Surely there’s something else. Something simple in nature without being generally harmful…

An excuse. That’s it. I need an excuse to convince him that what he read is not, in fact, worthy of publishing, let alone taking it to the other editors and risking his own career. I need to give him a reason to throw that thing in a dumpster and never look at it again before he makes a fool of himself in front of his peers.

Picking up my phone off the kitchen island while Benji sits at my side, an undeniably worried look on his handsome canine face, I type frantically in a draft with no number attached yet, you know, because apparently I tend to send the wrong things to the wrong people. Once I get the message I want, I’ll add his contact, but I’ll be goddamned if I’m going to send another clusterfuck right into the middle of my first one—Hank Baker didn’t raise no fool. At least, not a full-fledged one.

So, that book you’re thinking of pitching next Friday…the thing is, I plagiarized it.

HA-HA. Oh look, it’s the sight of me flushing my career down the toilet. No. Delete.

I know you saw potential in that manuscript, but the thing is, I’m not really done with it. I’ve got another part to write, and it changes the whole story and basically nullifies all the good parts of this one.

Ugh. No. Delete.

Hahaha I’ve got a funny story for you. As it turns out, I sent you the wrong book. I have a whole other manuscript to send you that’s much more in line with what you were expecting. Other than the fact that it’s a heaping pile of garbage, of course.

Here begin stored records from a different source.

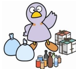
埼玉県マスコット「コパトン」

現在、県内では年間約54万トンの事業系ごみが排出されています。ごみの最終処分場の残余容量がひっ迫している中、ごみの削減は重要な課題です。限りある資源を有効に活用するためにも、以下のチェック項目を参考に、一層のごみ減量・リサイクルに取り組みましょう。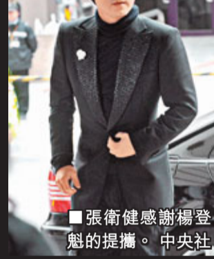
▲張衛健感謝楊登魁的提攜。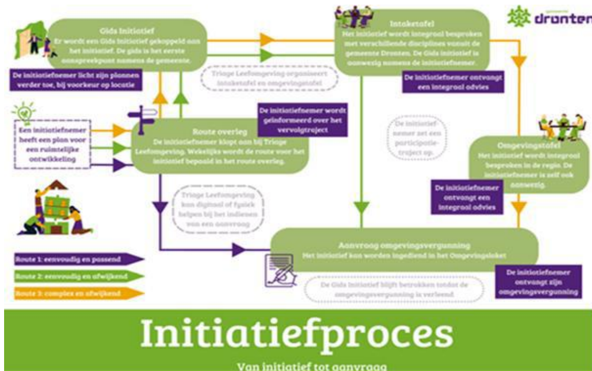
Figuur 3: Initiatiefproces

Bij complexe aanvragen wordt verwacht dat het proces niet binnen acht weken kan worden afgerond. Het streven is om het vooroverleg te laten plaatsvinden via de Omgevingstafel voordat de officiële vergunningsaanvraag wordt ingediend en voordat de officiële verwerkingstermijn van acht weken begint. Tijdens de bijeenkomsten aan de Omgevingstafel, die één of meerdere sessies kunnen omvatten, komen de initiatiefnemer en de adviseurs van de gemeente samen. Het initiatief wordt besproken met als uitgangspunt om het mogelijk te maken. De gemeente en ketenpartners kunnen bestuurlijke prioriteiten en randvoorwaarden, zoals de energietransitie (energiebesparing en -opwekking), bespreken. De Omgevingstafel voorziet de initiatiefnemer van een integraal advies, dat hem in staat stelt de vergunningaanvraag op te stellen en in te dienen. Vervolgens kan de aanvraag binnen acht weken worden verwerkt. In de onderstaande afbeelding is dit proces schematisch weergegeven.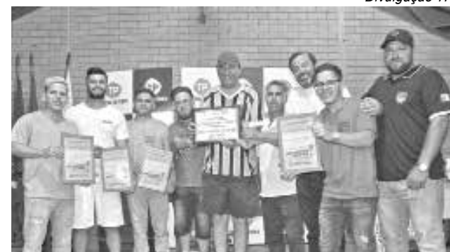
Tribuna do Pampa foi homenageado, juntamente com os barbeiros da Barber Shop Schmit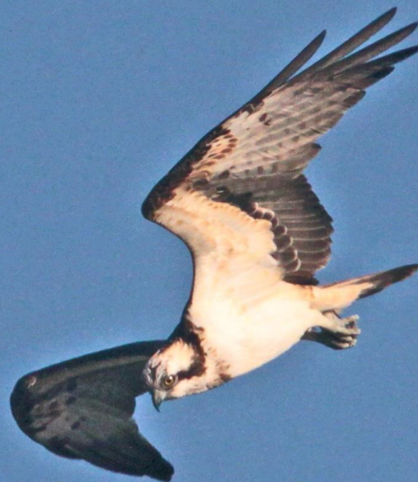
ミサゴ(鵟) ワシタカ科 L=メス64cm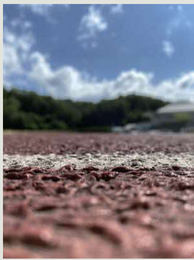
1年 坂本菜生 「スタートライン」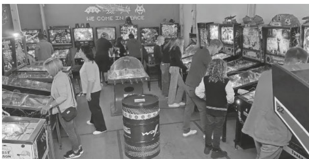
Fast alle Geräte waren in Betrieb. Viel Spaß hatten die Teilnehmer beim Flippern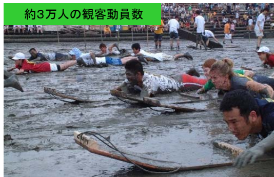
約3万人の観客動員数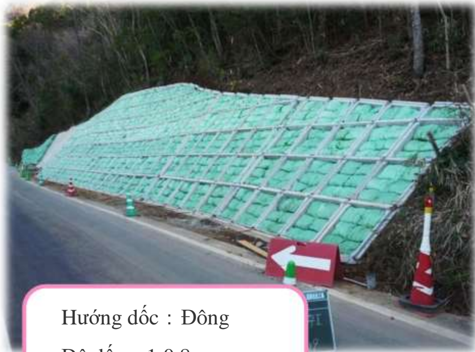
Sau thi công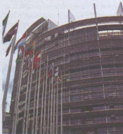
Будинок Європарламенту в м. Брюсселі. Бельгія

Маастрихтський договір – один із найважливіших правових актів в історії ХХ ст., є логічним продовженням понад 40-річної історії євроінтеграції. На початку ХХІ ст. Європейський Союз значно розширив свій склад. У 2004 р. членами цієї міжнародної організації стали ще 10 країн: Польща, Чехія, Угорщина, Кіпр, Латвія, Литва, Естонія, Мальта, Словаччина, Словенія, а в 2007 р. до ЄС приєдналися Болгарія та Румунія.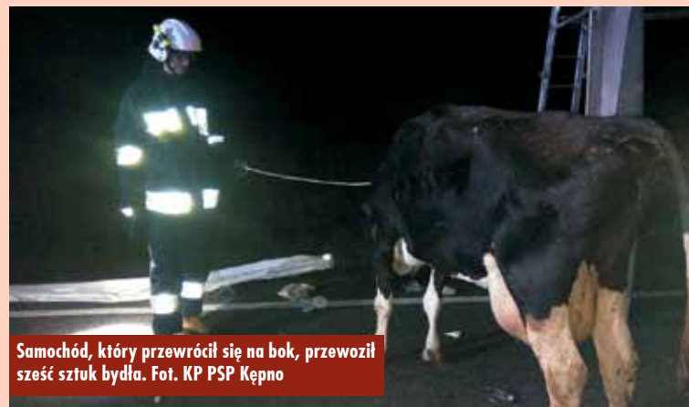
Samochód, który przewrócił się na bok, przewoził sześć sztuk bydła.

W trakcie działań firma zajmująca się utrzymaniem przejazdu kolejowego naprawiała uszkodzone rogatki.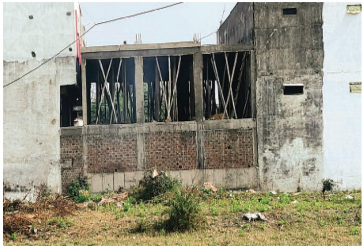
हरिभूमि न्यूज | ब्यावरा

पटवारी ने किसको लाभ देने के लिए रिपोर्ट में भूमि को विवादित होना छुपाया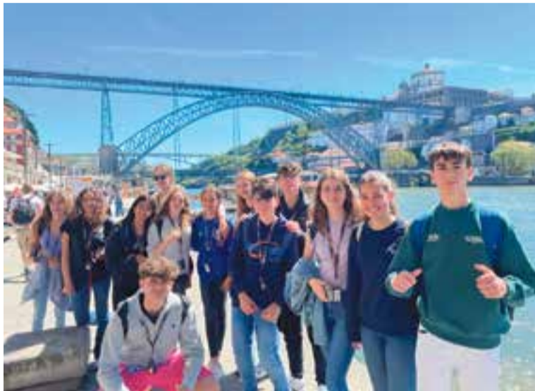
Els estudiants participants en l'intercanvi davant del pont de Luíís I, de Porto.

En tercer lloc el coneixement cultural, per l'exposició directa a la cultura d'acollida, la seva història, tradicions i entorn natural, i també per la interacció amb la família acollidora i altres persones locals, ampliant la perspectiva social i cultu-

Doing great here, Brooke. Really making progress on sending him a message that will help the situation.

Are you sure the book is good enough?

Finally, a message that might work. It’s vulnerable and damn near soul-crushing, but it doesn’t make me sound like a fracking idiot or a con. Adding his contact in at the top, I send the message and drop my phone on the counter like a hot potato before I can reconsider.

It dings so fast with a response that a wrecking ball of lead with a caricature of Miley Cyrus riding on top swings itself into the lining of my stomach.

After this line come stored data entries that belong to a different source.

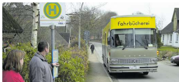
Grünlich grau, dafür mit gelber Banderole waren die ersten Bücherbusse in den 1970er-Jahren im Kreis Plön unterwegs. Einer dieser Busse wurde später von einer Privatperson gekauft und äußerlich unverändert innen zum Wohnmobil umgebaut.

Hause oder unterwegs digitale Medien entleihen. Träger des Angebots ist der Büchereiverein, der sich die Kosten mit dem Kreis und den teilnehmenden Gemeinden teilt. Die Büchereizentrale Schleswig-Holstein unterstützt die Fahrbibliotheken darüber hinaus mit Vertretungspersonal, in der Fahrzeugtechnik sowie in der Haushaltsverwaltung. www.fahrbuechereikreisploen.de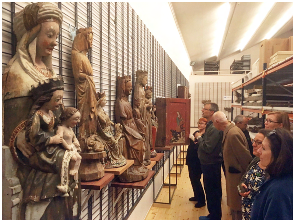
Symposiedeltagarna besökte NTNU Vitenskapsmuseet, där det gavs utmärkt tillfälle för närstudium av bl.a. medeltida skulpturer i kyrkosamlingens magasin. Foton av Lars Berggren, s. 58–64.

Stiklestad. Symposiets tema var Bilder i Norden ca 900-1700 . Med detta breda tematiska anslag var det arrangörernas mål att deltagarna skulle fokusera på de nordiska ländernas gemensamma historia, på den nordiska gemenskapen, och fånga upp frågeställningar som: Vad är det "nordiska" i vår kultur? Hur synliggörs den gemensamma nordiska historien i dess olika skeeden i konst och arkitektur? Finns det dekorativa och ikonografiska fenomen som är särpräglade för våra nordiska regioner, eller finns det exempel på ett förmodernt bild-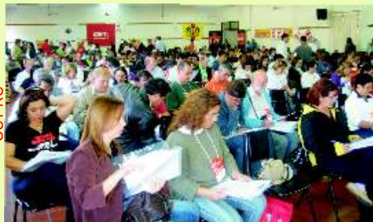
CUT-RS realizou sua Plenária em 16 e 17 de maio

Rumo à realização da Plenária Nacional Maria Ednalva (dias 5 a 8 de agosto, em São Paulo), a 12ª de nossa história, as CUTs realizam suas rodadas estaduais. Em junho, 19 estaduais farão a sua. Antes de cada Plenária Estatutária, as CUTs realizam as Plenárias das Mulheres. De cada plenária sairão textos-bases a ser apresentados na Plenária Nacional, que debaterá, entre outros temas, mudanças nos estatutos da CUT. Dia 8 de agosto, o Paço Municipal de São Bernardo, palco das primeiras mobilizações do Novo Sindicalismo, vai abrigar a grande Assembléia Nacional da CUT.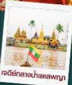
เจดีย์กลางน้ำเยเลพญา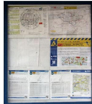
Abb.3 und 4: Aushänge an Bushaltestellen mit Informationen zu den Fahrplänen der Buslinien.

Impuls: Zeigt uns eure Bushaltestelle und nennt den Bus, mit dem ihr am Nachmittag Fahrziele erreichen könnt.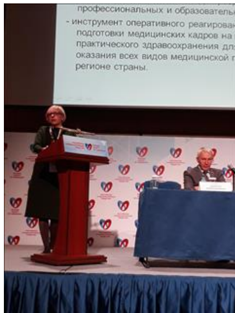
Фото Сироткиной О.В. Фото Сироткиной О.В.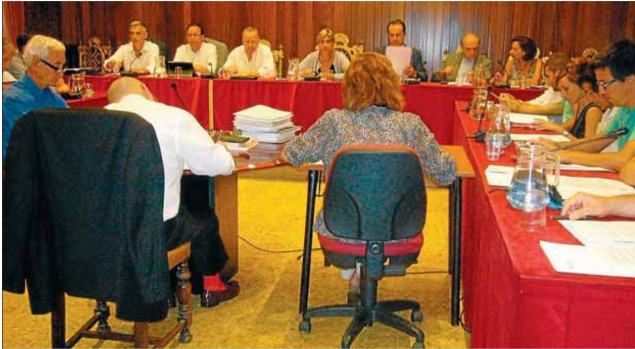
El ple que es va fer ahir a l'ajuntament de Figueres, avançat del mes d'agost

res es va adherir al Pacte Nacional pel Dret a Decidir, amb una àmplia majoria. Va rebre el suport de CiU, ERC, ICV, CUP i AMC, i només el PP hi va votar en contra i el PSC es va abstenir. ERC va "lamentar" que el PSC no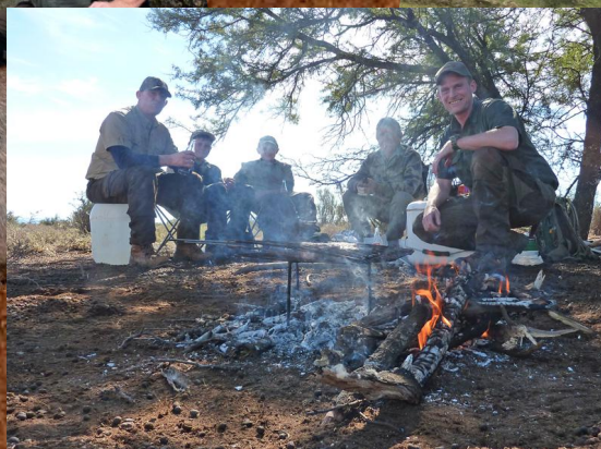
Frokost i jagt terrænet

Chase: Better than. Brooke, it’s one of the best books I’ve ever read.

Oh God, what have I done?

His words should make me feel better. Bring me peace of mind and a settled stomach. Instead, they inflict more fear than I’m equipped to handle, and Benji goes into service-dog mode, gently knocking me right to the floor to push my head between my knees.

The explicit book I wrote about myself and my editor while he has no freaking idea he’s the protagonist is the best book he’s ever read?